Items from a dataset:
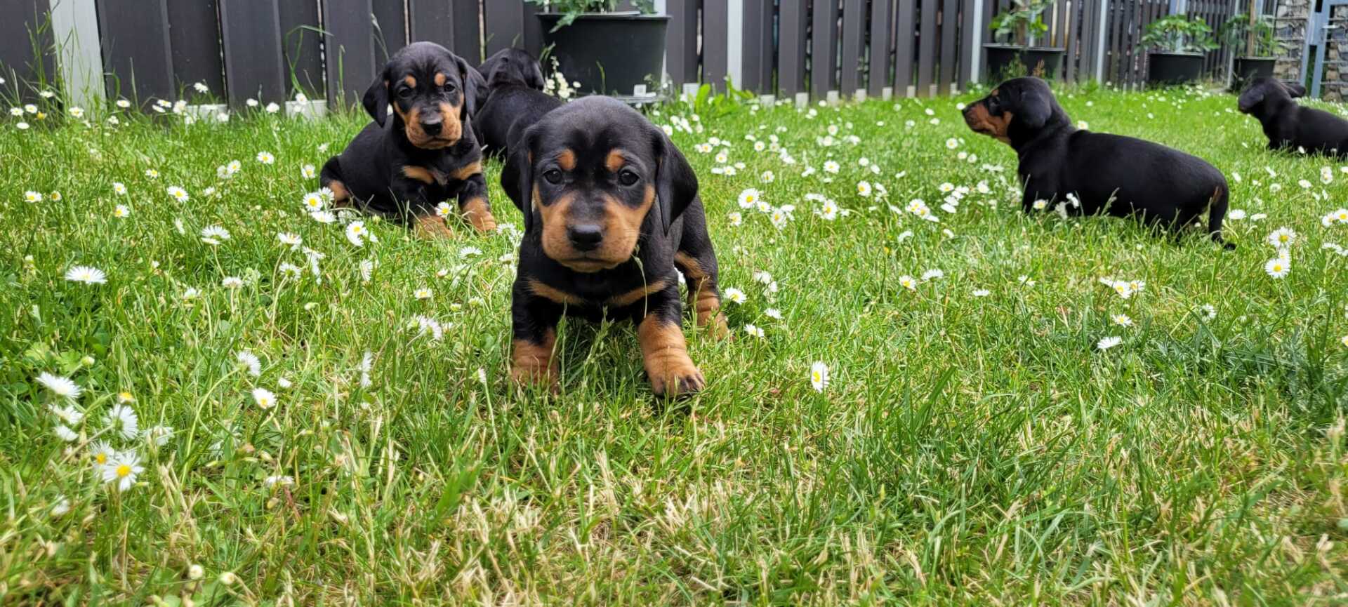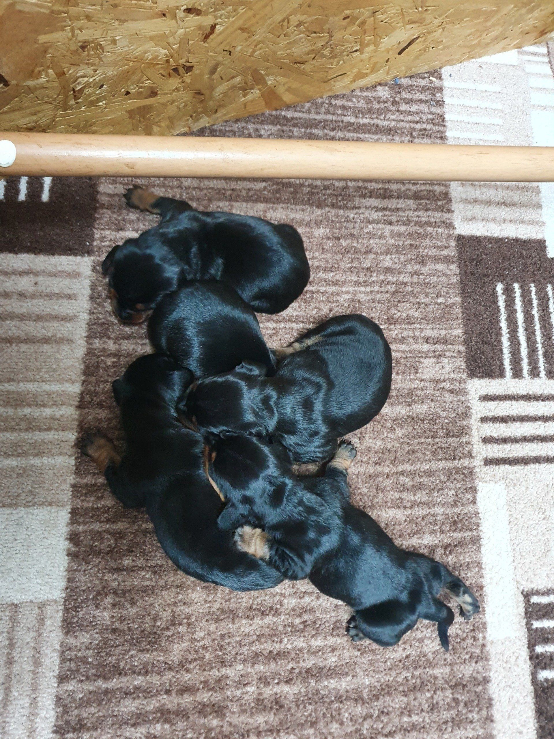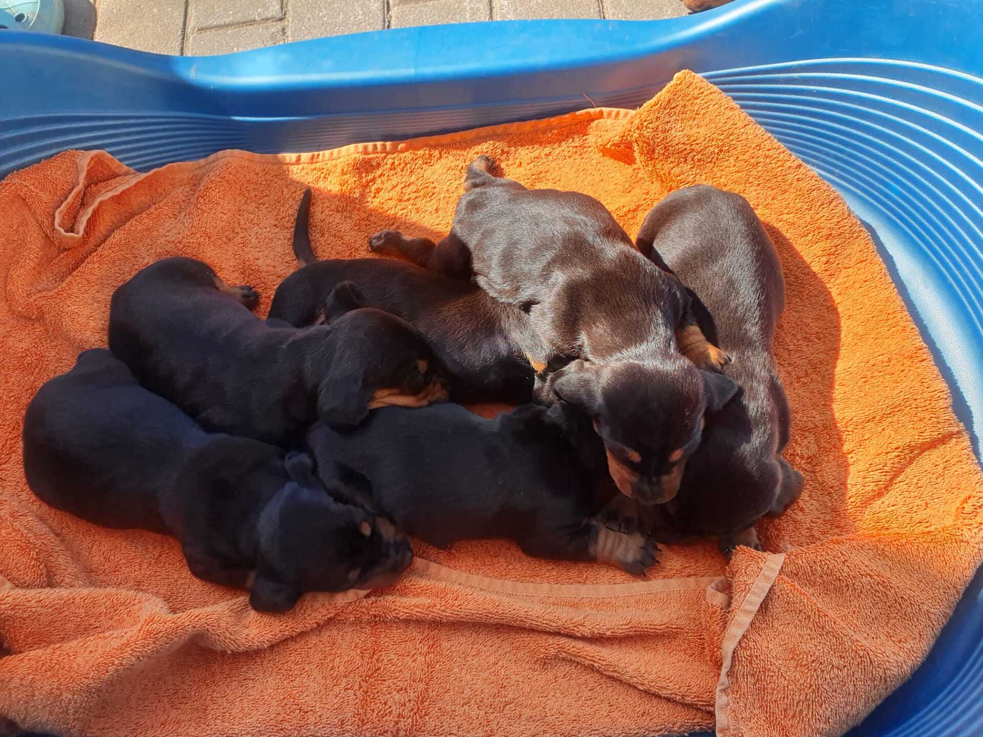 28.05.2022, 4. Woche alle sind wohl auf und erkunden neugierig ihre Umgebung. Der erste Welpen-Besuch ist auch schon erfolgt und die neuen Besitzer freuen sich bereits auf die Übergabe Ende Juni.
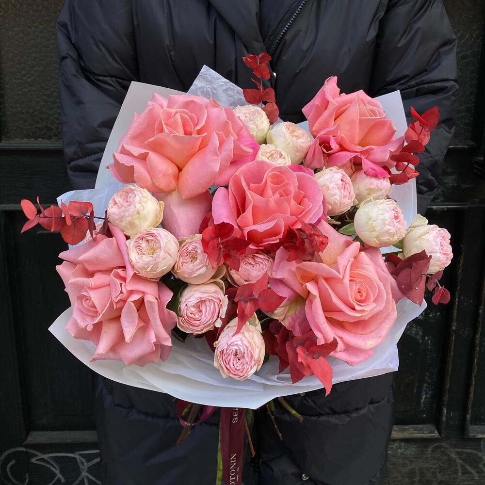 Eucalyptus - 2 шт. rose - 5 шт. spray roses - 4 шт.
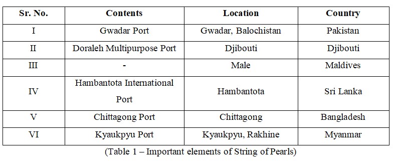 The term ‘String of Pearls’ was coined by Booz Allen in 2005. In his report titled ‘Energy Futures in Asia’, he projected China’s expansion of its naval power in the Indian Ocean Region. The String of Pearls strategy emphasizes China’s economic, military, diplomatic and political stature in the region. (Ashraf, 2017, 169) Explicitly, this project reflects China’s geopolitical ambitions and diplomacy. However, its impact on India is implicit and intended. Every location or ‘pearl’ in this string has been strategically curated and cultured by China to serve these dual objectives. This paper will discuss each of these pearls, analysing their importance from a trade and geopolitical perspective alike.
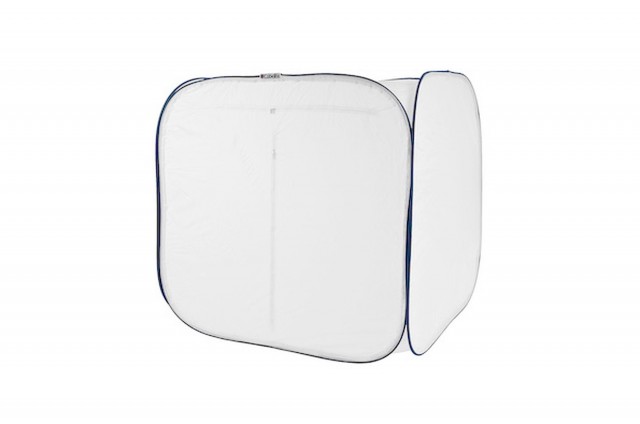 The Cubelite allows the photographer to control the lighting of products, minimizing shadows and isolating the subject from the background. It's never been easier to take quick and crisp product shots on location or in the studio simply set up the Cubelite, place lights on the outside and your good to go. The Cubelite has been enhanced in a number of ways so as to improve its utility: • Background clips mounted in the roof for additional height. • Open base for even floor surface, easier to fold and enables positioning of cube over immoveable items e.g. plants. •Front opens to edge of Cubelite for wider viewing angles.
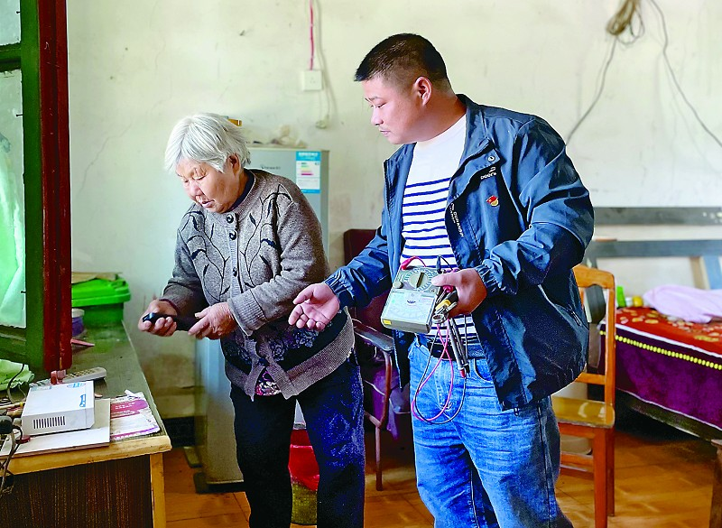 邓敏丰帮老人修家电。陈徐文倩摄
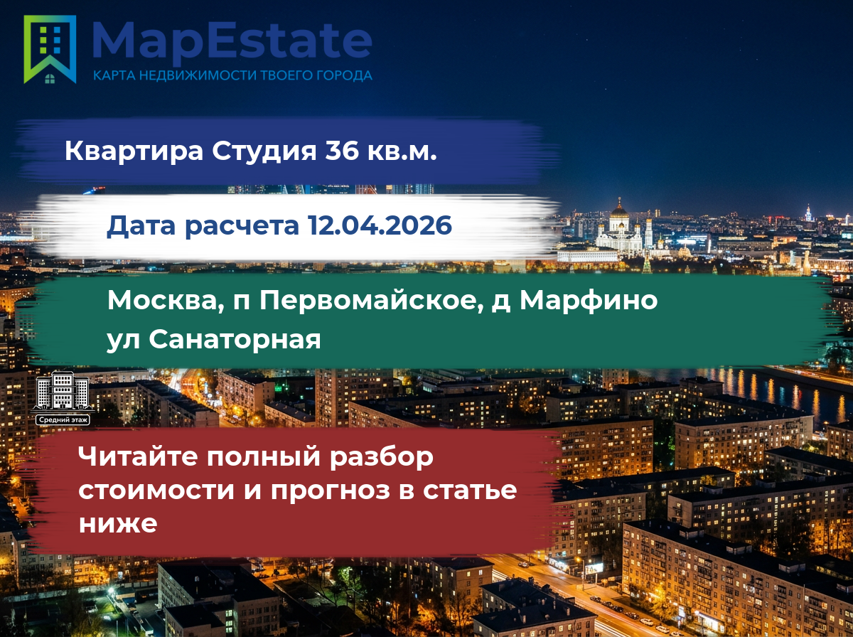 Сколько стоит квартира 36 м² в москва, п первомайское, д марфино, ул санаторная?
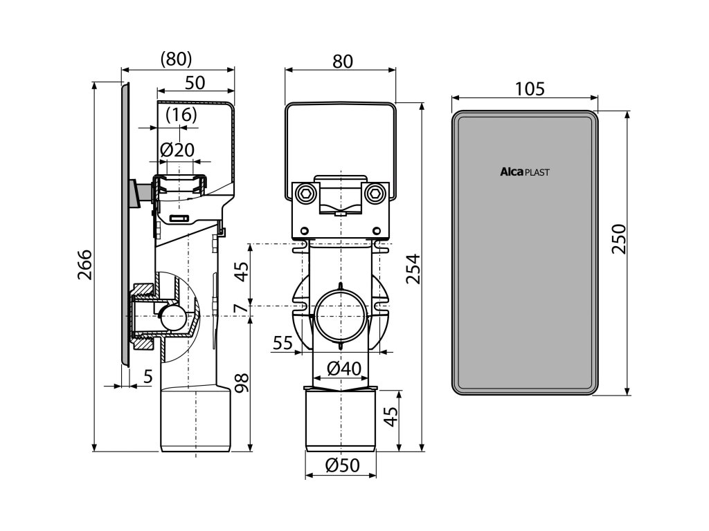 Sifon pro odkapávající kondenzát podomítkový, nerez DN40 a DN50
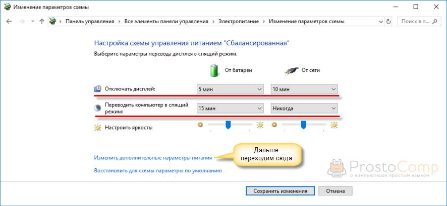 Кроме того, компьютер переводится в режим пониженного энергопотребления, если мы определенное время не работаем на нем. Время бездействия и особенности перехода в сон или гибернацию настраиваются через “Изменение параметров энергосбережения” (Панель управления —> Оборудование и звук —> Электропитание).
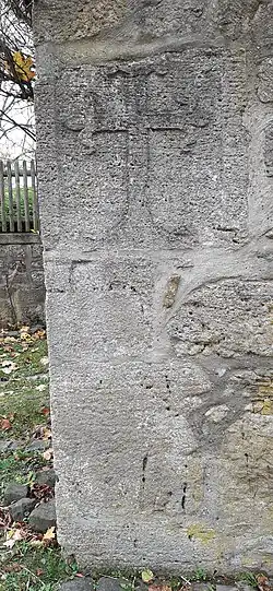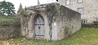 Erhalten blieben der Torbogen und ein gewölbter Keller aus Bruchsteinen. An der südwestlichen Ecke des Zugangs des kleinen Bruchsteinkellers mit Spitzbogenportal und Tonnengewölbe befand sich an einem Eckstein auf Kopfhöhe ein gemeiseltes Kreuz in der Ecksteinquaderung; an der Längsseite eine Dreierreihe Schießscharten. Ihre Lage zeigt, dass das Bodenniveau im Mittelalter viel tiefer war.
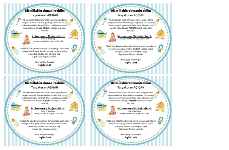 Template kartu ucapan aqiqah. Format penulisan syukuran kelahiran bayi. Download contoh kartu ucapan aqiqah cantik versi word pada berkat. Contoh kartu ucapan syukur atas kelahiran anakpada kesempatan kali ini saya akan memposting mengenai contoh template kartu brosur ucapan syukuran kelahiran yang saya buat dengan ms word untuk lebih mudah diedit dan banyak orang yang telah familiar dengan salah satu aplikasi pengolah kata ini. Undangan aqiqah doc undangan aqiqah pdf contoh undangan aqiqoh download kartu ucapan kelahiran bayi word. Hehe anda untuk membuatnya.
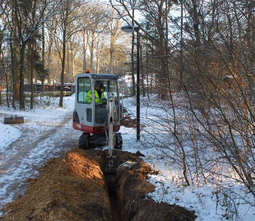 Het was een mooie zonnige, maar wel koude dag. Een echte winterse winterwerkdag dus. We pleegden vandaag bosonderhoud (zagen, kloven, opruimen) en hebben een kabel ingegraven voor internet naar het Jamboreehuis.
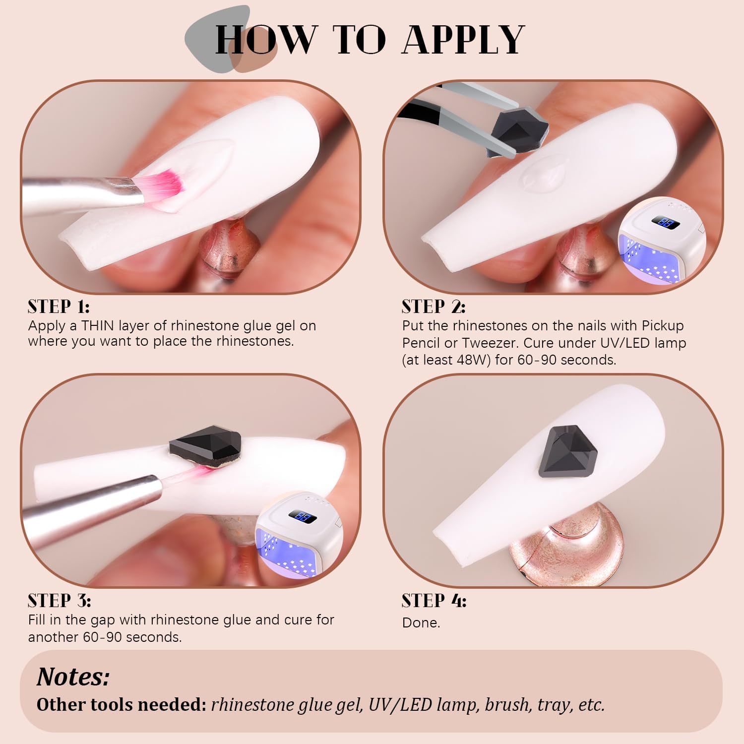 - šEASY TO USE -- Easy to apply on artificial nails. After applying nail polish and applying enough gel on the nails, simply use the equipped tools (pickup pen + tweezers) to pick up the crystals onto your nails to create your fabulous DIY designs! These crystals gemstones are different from those hotfix stones, they are not self-adhesive, you have to apply glue to stick them (glue is not included.)

[EXERCISE GOAL] What is needed is an exact repetition of every entry, without the pictures.

[OUTPUT FOR THIS EXERCISE]
 28.05.2022, 4. Woche alle sind wohl auf und erkunden neugierig ihre Umgebung. Der erste Welpen-Besuch ist auch schon erfolgt und die neuen Besitzer freuen sich bereits auf die Übergabe Ende Juni.
 Eucalyptus - 2 шт. rose - 5 шт. spray roses - 4 шт.
 The term ‘String of Pearls’ was coined by Booz Allen in 2005. In his report titled ‘Energy Futures in Asia’, he projected China’s expansion of its naval power in the Indian Ocean Region. The String of Pearls strategy emphasizes China’s economic, military, diplomatic and political stature in the region. (Ashraf, 2017, 169) Explicitly, this project reflects China’s geopolitical ambitions and diplomacy. However, its impact on India is implicit and intended. Every location or ‘pearl’ in this string has been strategically curated and cultured by China to serve these dual objectives. This paper will discuss each of these pearls, analysing their importance from a trade and geopolitical perspective alike.
 The Cubelite allows the photographer to control the lighting of products, minimizing shadows and isolating the subject from the background. It's never been easier to take quick and crisp product shots on location or in the studio simply set up the Cubelite, place lights on the outside and your good to go. The Cubelite has been enhanced in a number of ways so as to improve its utility: • Background clips mounted in the roof for additional height. • Open base for even floor surface, easier to fold and enables positioning of cube over immoveable items e.g. plants. •Front opens to edge of Cubelite for wider viewing angles.
 邓敏丰帮老人修家电。陈徐文倩摄
 Сколько стоит квартира 36 м² в москва, п первомайское, д марфино, ул санаторная?
 Sifon pro odkapávající kondenzát podomítkový, nerez DN40 a DN50
 Кроме того, компьютер переводится в режим пониженного энергопотребления, если мы определенное время не работаем на нем. Время бездействия и особенности перехода в сон или гибернацию настраиваются через “Изменение параметров энергосбережения” (Панель управления —> Оборудование и звук —> Электропитание).
 Erhalten blieben der Torbogen und ein gewölbter Keller aus Bruchsteinen. An der südwestlichen Ecke des Zugangs des kleinen Bruchsteinkellers mit Spitzbogenportal und Tonnengewölbe befand sich an einem Eckstein auf Kopfhöhe ein gemeiseltes Kreuz in der Ecksteinquaderung; an der Längsseite eine Dreierreihe Schießscharten. Ihre Lage zeigt, dass das Bodenniveau im Mittelalter viel tiefer war.
 Template kartu ucapan aqiqah. Format penulisan syukuran kelahiran bayi. Download contoh kartu ucapan aqiqah cantik versi word pada berkat. Contoh kartu ucapan syukur atas kelahiran anakpada kesempatan kali ini saya akan memposting mengenai contoh template kartu brosur ucapan syukuran kelahiran yang saya buat dengan ms word untuk lebih mudah diedit dan banyak orang yang telah familiar dengan salah satu aplikasi pengolah kata ini. Undangan aqiqah doc undangan aqiqah pdf contoh undangan aqiqoh download kartu ucapan kelahiran bayi word. Hehe anda untuk membuatnya.
 Het was een mooie zonnige, maar wel koude dag. Een echte winterse winterwerkdag dus. We pleegden vandaag bosonderhoud (zagen, kloven, opruimen) en hebben een kabel ingegraven voor internet naar het Jamboreehuis.
 - šEASY TO USE -- Easy to apply on artificial nails. After applying nail polish and applying enough gel on the nails, simply use the equipped tools (pickup pen + tweezers) to pick up the crystals onto your nails to create your fabulous DIY designs! These crystals gemstones are different from those hotfix stones, they are not self-adhesive, you have to apply glue to stick them (glue is not included.)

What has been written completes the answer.